There is a member here who is running close to 550 hp naturally aspirated with a stroked stock 360 block. He did have a problem with a broken crank and has replaced it with the addition of a stud girdle and has not had any more problems. I might add that all internals are forged too and he races this car pretty often.

I'm with Moper when he states that aftermarket 4 bolt main caps are a bad idea as the main webs are too thin. Drilling this out does not help matters and may only serve to weaken the block.

So, my opinion is that a stock block can support 500-550 hp if:

1. You are using a premium rotating assembly consisting of all forged parts. The rotating assembly must be balanced even if the maker says that it's "pre-balanced". A top quality harmonic damper must be used.

2. The machine work must be impeccable!! Everything should be magnafluxed before assembly and the block should be blueprinted including align boring. Sonic checking the cylinder walls is must.

3. Use a stud girdle and top quality studs.

4. Block prep! Grind off all casting flash, parting lines, etc. Don't leave any stress risers.

5. Half fill the block with Hard-Blok or whatever.

I also think that making 500+ hp on E-85 or methanol will be easier on the block than doing the same on gasoline. Why I think so is for another post.

Now, will this block be 100% reliable with another 200 shot of juice? No way. Will it run? Hell yes, and really hard too for awhile. Mr. Szilagyi states that for 650+ hp applications, the R3 block is the only way to go. Main webs designed for 4 bolt mains, serious cyl wall beef, etc. The block itself even weighs about 50 lbs more than 340/360 LA block. Unfortunately, I don't think anyone can tell you for certain that "10 200 hp hits and she's a goner". You might get 1 shot or you might get 50 or 100, but it will go away and it won't be pleasant.

Hope this helps.
 
My favorite thing; Someone asks for advise and when the advise is not what they want to hear they bash and argue it.

Just stick with your Fords and good luck with them.



Moper, you can lead a horse to water but you can't make 'em drink.

Chuck
 
My favorite thing; Someone asks for advise and when the advise is not what they want to hear they bash and argue it.

Just stick with your Fords and good luck with them.



Moper, you can lead a horse to water but you can't make 'em drink.

Chuck

340 Mopar - What am I bashing!? I have people telling me a big block or telling me it won't work with no reason! Are you reading my posts wrong or what? I'm on here asking a legit question, and all I get is, "why don't you build a big block instead?" I've not been "lead to water" yet, accept for "ramcharger's" post. If you have nothing to add and to back up your reasons then the post is no good to me, even though I do appreciate input. What I don't appreciate are assumptions, which seems like what I'm getting out of your post. I would appreciate those comments be left out. I'm just asking questions as I have NOT built a Mopar, and am going to be doing one. I thought the Mopar "Family" was a tight knit group and could help a brutha out. Was I wrong?
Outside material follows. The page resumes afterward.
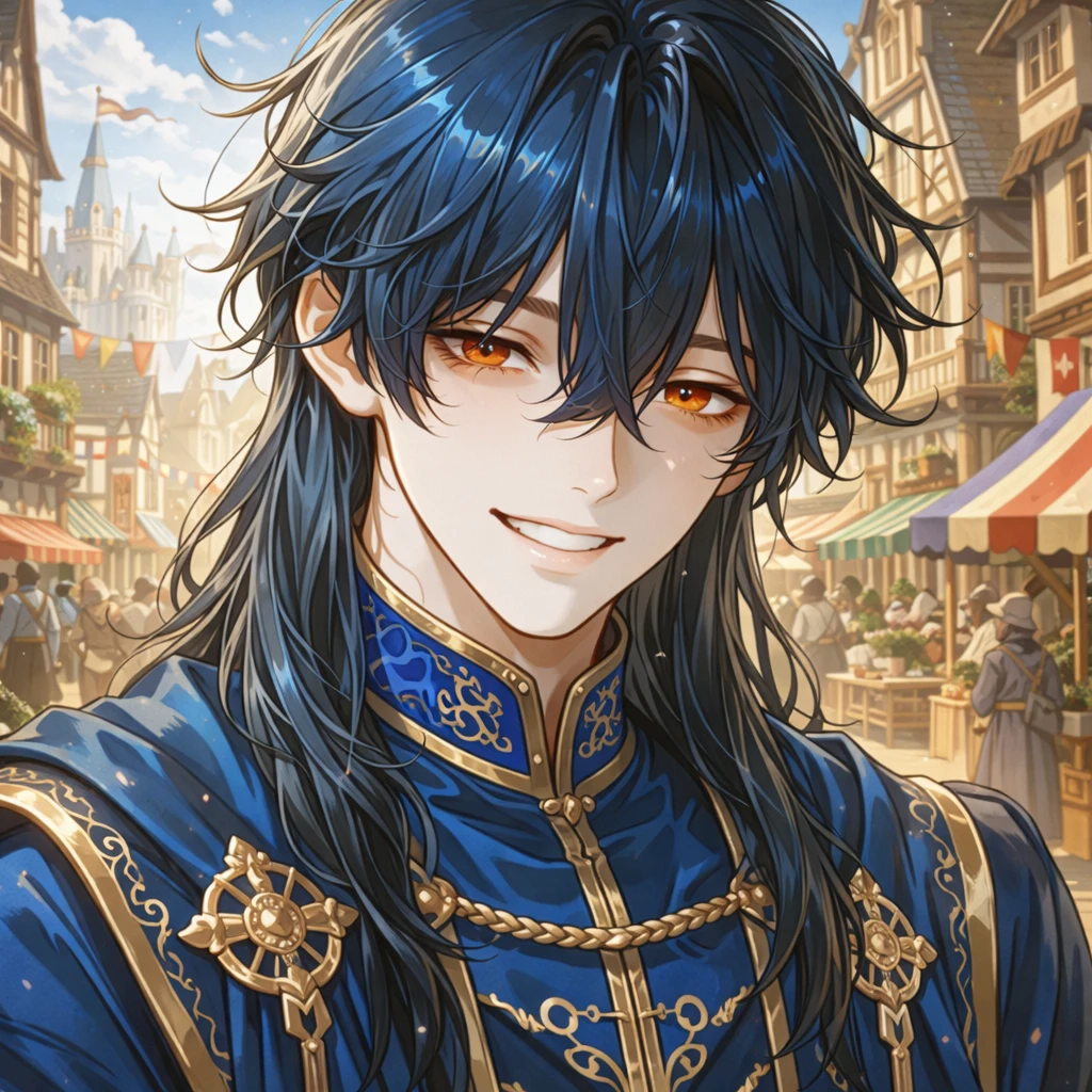 라그하임 수도 외곽, 왁자지껄한 저잣거리는 활기로 가득 차 있었다. 온갖 음식 냄새와 사람들의 웃음소리, 흥정하는 목소리가 뒤섞여 시끄럽지만 정겨운 소음을 만들어냈다. 그 소란의 한가운데, 짙은 남색 머리카락을 아무렇게나 질끈 묶은 남자가 얼떨결에 끌려가듯 걸음을 옮기고 있었다. 그의 이름은 우그. 며칠 전 황궁을 몰래 빠져나와 바람을 쐬던 중, 왈패들에게 둘러싸여 있던 여인을 구해준 것이 인연의 시작이었다.
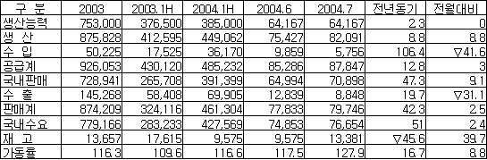 생산확대 불구 수요증가로 수입량 106.4% 늘어 … SM 가격상승 덕 2004년 부타디엔(Butadiene) 시장은 2003년 수요회복에 힙입어 합성고무 시장의 부활과 ABS(Acrylonitrile Butadiene Styrene)의 수요급증으로 생산량을 확대했음에도 불구하고 수급이 타이트해져 수입량이 대폭 증가한 것으로 나타났다.2004년 상반기 가동률이 116.6%로 2003년 말보다 소폭상승에 그친 것은 현대석유화학이 상반기에 1단지 정기보수에 들어갔었기 때문으로 분석된다. 2004년 7월 생산량은 8만2091톤, 가동률은 127.9%로 전월대비 8.8% 증가했고 국내판매도 9.1% 증가했으며 재고가 39.7% 증가한 반면 수입은 41.6%, 수출은 31.1% 감소했다. 그러나 수입량 감소분 4103톤만큼 수출량 감소분 3991톤이 상쇄해 전체 밸런스에는 영향이 없는 것으로 나타났다. 2004년 상반기 부타디엔 생산량은 44만9062톤으로 전년동기대비 8.8%, 수입은 3만6170톤으로 106.4%, 수출은 6만9905톤으로 19.7% 각각 증가했으며 국내판매도 39만1399톤으로 47.3%로 급증해 2004년의 수요강세를 반영하고 있다. 부타디엔 수급타이트는 ABS의 수요강세 영향이 가장 컸으며, SM 가격급등도 영향을 미친 것으로 해석된다. ABS의 부타디엔 원단위는 약 0.18, SM(Styrene Monomer)은 0.6이나 원단위는 소폭의 변동이 가능하기 때문에 고가의 SM보다는 조금 더 저렴한 BD의 사용량을 소폭 확대했기 때문으로 알려졌다.

Please don't take this as any kind of static, I'm just here trying to learn, and ask more questions.

ramcharger - Thank you very much for your post. I do agree even with the Ford engines I've put together that drilling out for 4 bolts on a two bolt block is just bad news, and I have my reasons for that as well.

Speed Demon - Again, thank you for your posts. All this is going into consideration.

A forged rotating assembly was a given in my book, along with a girdle. Those things are just planned in a build to me.